#### TASK INSTRUCTIONS:
For this item, repeat the material exactly while omitting its pictures.

#### INFORMATION PROVIDED:
::::::::::
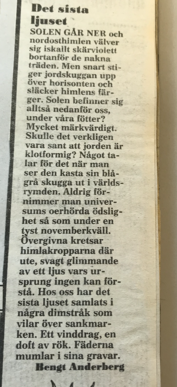 Läs denna höstfundering av Bengt Anderberg publicerad i Expressen i november 1989. Klicka på bilden så blir den större och lättare att läsa.
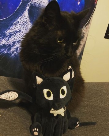 Here’s one last pic, for your enjoyment. I remembered I had said I would post my other cat. I present Happy, posing with my Displacer Beast. It looked so much like him, I had to have one. He mostly displaces cat food, however. Peace!!!
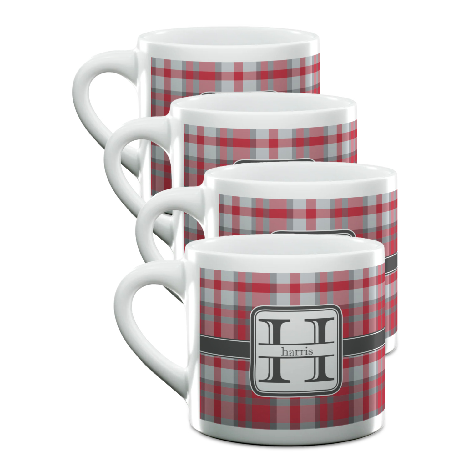 Each of our espresso mugs is a ceramic material sure to keep your drink warm. Personalize one cup for yourself, or order a set of 4! Its the perfect little gift for any coffee lover! We carry two sizes for you to personalize - 3 oz. (approx. 3.25" x 2.325" x 2.625") or 6 oz. (approx. 4" x 2.9" x 2.9"). Our 3 oz. mug is perfect for that single shot espresso while our 6 oz. mug can be your next favorite cappuccino cup holding two shots of espresso!
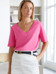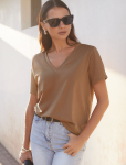Облегающая футболка с V-образным вырезом в цвете "шардоне" создаст утонченный образ. Идеальная базовая модель для вашего гардероба! Глубокий V-образный вырез подчеркивает линию шеи и зрительно удлиняет силуэт. Футболка выполнена из хлопка с добавлением эластана, которая мягко облегает контуры тела, подчеркивая достоинства фигуры. Универсальный вариант для создания стильных повседневных образов.
::::::::::
#### OUTPUT BELOW:
 Läs denna höstfundering av Bengt Anderberg publicerad i Expressen i november 1989. Klicka på bilden så blir den större och lättare att läsa.
 Here’s one last pic, for your enjoyment. I remembered I had said I would post my other cat. I present Happy, posing with my Displacer Beast. It looked so much like him, I had to have one. He mostly displaces cat food, however. Peace!!!
 Each of our espresso mugs is a ceramic material sure to keep your drink warm. Personalize one cup for yourself, or order a set of 4! Its the perfect little gift for any coffee lover! We carry two sizes for you to personalize - 3 oz. (approx. 3.25" x 2.325" x 2.625") or 6 oz. (approx. 4" x 2.9" x 2.9"). Our 3 oz. mug is perfect for that single shot espresso while our 6 oz. mug can be your next favorite cappuccino cup holding two shots of espresso!
Облегающая футболка с V-образным вырезом в цвете "шардоне" создаст утонченный образ. Идеальная базовая модель для вашего гардероба! Глубокий V-образный вырез подчеркивает линию шеи и зрительно удлиняет силуэт. Футболка выполнена из хлопка с добавлением эластана, которая мягко облегает контуры тела, подчеркивая достоинства фигуры. Универсальный вариант для создания стильных повседневных образов.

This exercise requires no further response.